Madame Web Is the Third or Fourth-Best Superhero Movie of 2003

With some actors, it is a pleasure just to watch them think – to do virtually nothing but silently convey the process of wheels turning inside their heads. Dakota Johnson is not such an actor. I don’t say this because she seems stupid. On the contrary, in interviews she often comes across as unflappable, sharp perhaps to the point of cutting. It’s exactly this quality that makes visible calculation look out of place on her; if she puzzles things out in public, she conceals it very well. What she does most interestingly on screen is seethe and stew, as she does in The Lost Daughter and Cha Cha Real Smooth, both times playing young mothers whose possessiveness of their children competes with their weariness and regrets.
In Madame Web, Johnson finds herself again caring for children, albeit those who feel more confident in their abilities to care for themselves. Cassie Webb (Johnson), a thirtyish paramedic working in New York City, has a brush with death that leaves her with short-term visions of the future, which in turn draws her closer to three seemingly random figures: Sweet, unassertive Julia Cornwall (Sydney Sweeney); brainy, skeptical Anya Corazon (Isabela Merced); and independent, impulsive Mattie Franklin (Celeste O’Connor). These names may set comic book devotees’ hearts aflutter.
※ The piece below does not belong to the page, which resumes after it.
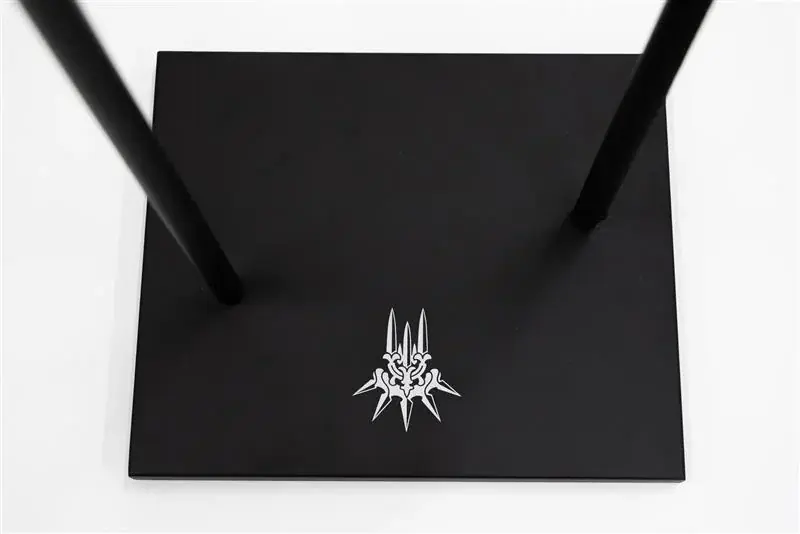 底板は鉄製で十分な重量感があり、表面にはヨルハマークが施されています。ヨルハマークは世界観の演出要素として控えめに配置され、安定性と意匠性を両立しています。

Even more casual readers or movie-watchers may recognize how Ben Parker (Adam Scott), Cassie’s friend and coworker, bears a significant moniker in the world of your friendly neighborhood movie star Spider-Man, to which Madame Web is nominally adjacent. This is one of those Sony-produced “SSU” spinoff movies, like Venom or Morbius, where the webslinger himself does not appear – or does he? (No, not really, though the technicalities could make for some fun, nitpicky debates.)
But for the purposes of attempting to watch a normal movie like a normal person who does not need assurances in one direction or another about how connected this all is to a broader cinematic universe, this is a big-budget vehicle for Johnson. It’s the first such thing since her Fifty Shades days – a gig that, to be fair, seemed to engender more contempt from her than this one. Here, she seems to be giving Cassandra Webb the old college try. Her presence is compelling in large part because she’s such a clumsy fit for the demonstrative stuff, like delivering exposition, pretending to assess her next move, or reacting with distress when she sees something horrifically violent. She’s most convincingly distressed in a more quietly irritable register, and her ambivalence about these powers, these young women, and this shadowy, menacing, Spider-Mannish figure called Ezekiel (Tahar Rahim) all ring true. She seems well and truly uncertain about what she’s doing in a sorta-superhero picture.
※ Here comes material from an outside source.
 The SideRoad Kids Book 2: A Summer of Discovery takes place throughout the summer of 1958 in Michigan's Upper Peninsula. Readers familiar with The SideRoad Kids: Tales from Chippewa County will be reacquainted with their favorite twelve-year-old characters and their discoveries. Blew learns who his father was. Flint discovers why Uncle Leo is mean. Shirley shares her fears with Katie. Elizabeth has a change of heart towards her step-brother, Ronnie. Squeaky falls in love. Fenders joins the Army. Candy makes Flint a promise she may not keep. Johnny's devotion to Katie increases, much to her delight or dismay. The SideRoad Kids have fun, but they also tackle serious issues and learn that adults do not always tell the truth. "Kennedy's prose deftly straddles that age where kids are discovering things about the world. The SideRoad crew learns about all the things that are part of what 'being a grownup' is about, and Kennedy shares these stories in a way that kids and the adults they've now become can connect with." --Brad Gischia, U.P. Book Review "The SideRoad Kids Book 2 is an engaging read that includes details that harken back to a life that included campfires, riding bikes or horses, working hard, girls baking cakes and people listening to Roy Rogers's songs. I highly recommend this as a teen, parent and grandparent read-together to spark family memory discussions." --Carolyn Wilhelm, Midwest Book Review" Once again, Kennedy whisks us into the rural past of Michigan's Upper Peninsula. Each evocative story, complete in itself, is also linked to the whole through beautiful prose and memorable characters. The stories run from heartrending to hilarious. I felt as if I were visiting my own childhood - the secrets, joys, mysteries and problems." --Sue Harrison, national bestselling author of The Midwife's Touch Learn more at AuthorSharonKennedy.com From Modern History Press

Johnson works so well in this department, in fact, that she renders the movie’s endless rerunning of her Next routine redundant; the audience gets the concept long before the movie realizes they do. Director S.J. Clarkson, a TV vet making her film debut, contributed to a multi-authored screenplay that’s as scattered in focus as Cassie’s visions. The core idea of Cassie reluctantly leading a future super-team (in a detail that sounds hastily fabricated but is actually just comic books, all three of the younger characters are fated to become different versions of the hero Spider-Woman) makes sense enough. The idea of a nightmarish alt-universe Bad Spider-Man coming after them, which is what Ezekiel essentially represents, is downright tantalizing, and sometimes staged with appropriate menace. The strands that are supposed to connect all of this together in a web of intrigue, however, don’t have much tensile strength. Ezekiel is rich, for reasons unexplained, and able to stalk the future Spider-Women by hiring an assistant played by Zosia Mamet, for reasons unexplained, who is in charge of a massive surveillance system that is, for yet more reasons unexplained, treated as a foolproof system even though it transparently only works within the confines of New York City.